What does TLS, SSL and SET mean to your E-commerce business?
May 20, 2015
With the rapid growth in the internet over the past years and, more importantly, the popularity of online shopping, online security is an increasingly vital element of E-commerce.
Specifically, online shoppers need to feel completely confident that their credit card and banking details are secure and can’t be accessed by hackers. SET (Secure Electronic Transaction) was developed to fill this need and to essentially guarantee payment transactions, from the shopper’s desktop to the merchant’s website and on to the banking gateway.
SSL (Secure Socket Layer) on the other hand, was designed to provide secure communications over the internet, not secure financial transactions. As a consequence, SSL encryption is weaker than SET encryption. TLS (Transport Layer Security) is often used interchangeably with SSL, but is actually set to supersede SSL very soon.
What do TLS and SSL protocols mean to your business?

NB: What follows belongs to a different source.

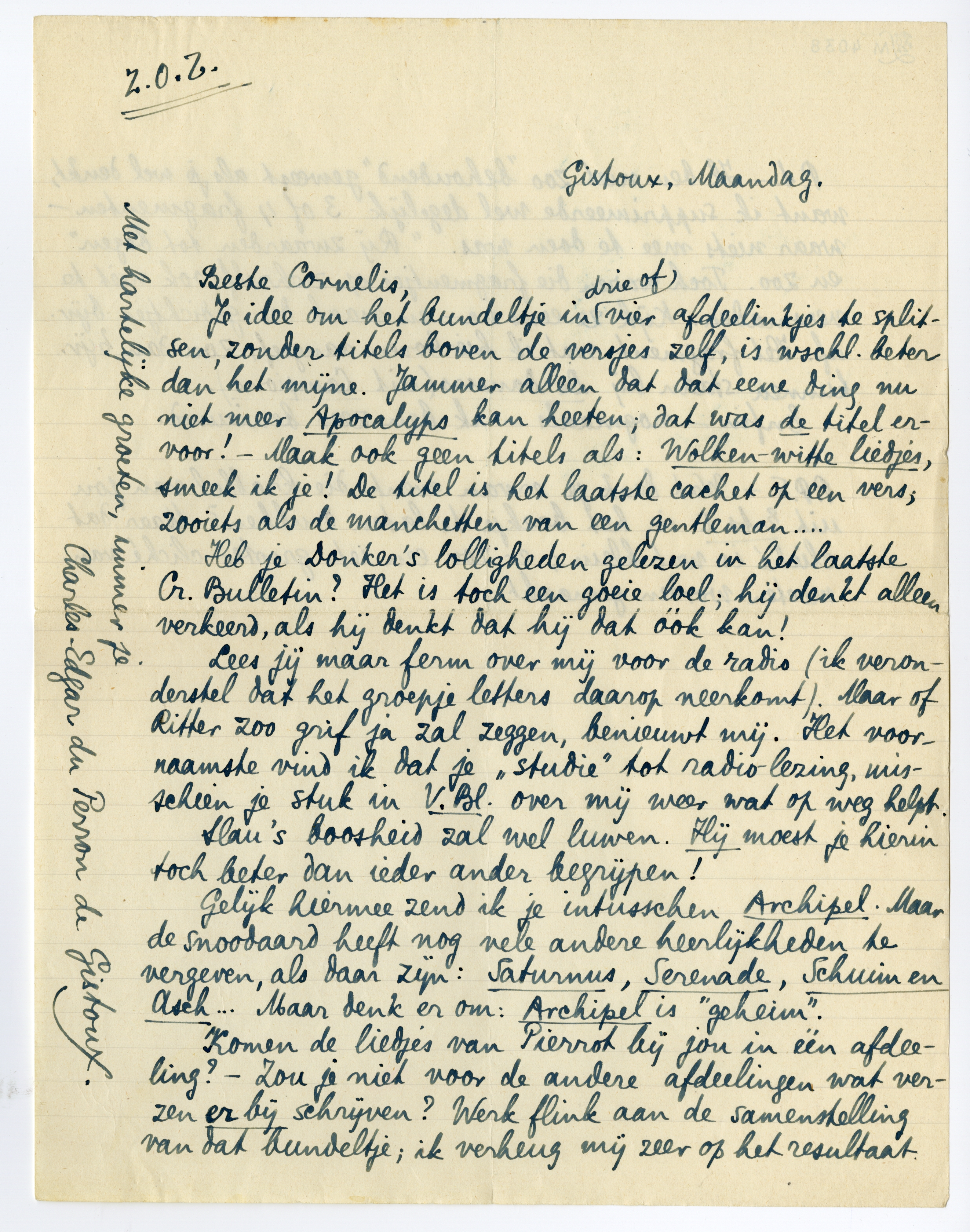 Gelijk hiermee zend ik je intusschen Archipel. Maar de snoodaard heeft nog vele andere heerlijkheden te vergeven, als daar zijn: Saturnus, Serenade, Schuim en Asch... Maar denk er om: Archipel is ‘geheim’.

For shoppers and even banking institutions to feel confident that their electronic transactions were safe on the internet, there needed to be a universally accepted protocol used by all consumers and vendors. These safety measures also had to work across different platforms and applications, such as HTTP, Telnet and FTP for example.
So in 1994, Netscape rolled out SSL and within a year this became the most widely accepted way to encrypt data, provide client and vendor authentications and secure the integrity of data transmitted over insecure networks. In other words, SSL is a digital certificate that establishes trust between entities.
SSL tends to be used to secure data in emails, web browsers, internet faxing, instant messaging and VoIP. Since SSL uses a mix of plain text and encrypted text, SSL had become vulnerable to attack and some larger organizations, notably the US Government, have decided not to send sensitive data using SSL protocols.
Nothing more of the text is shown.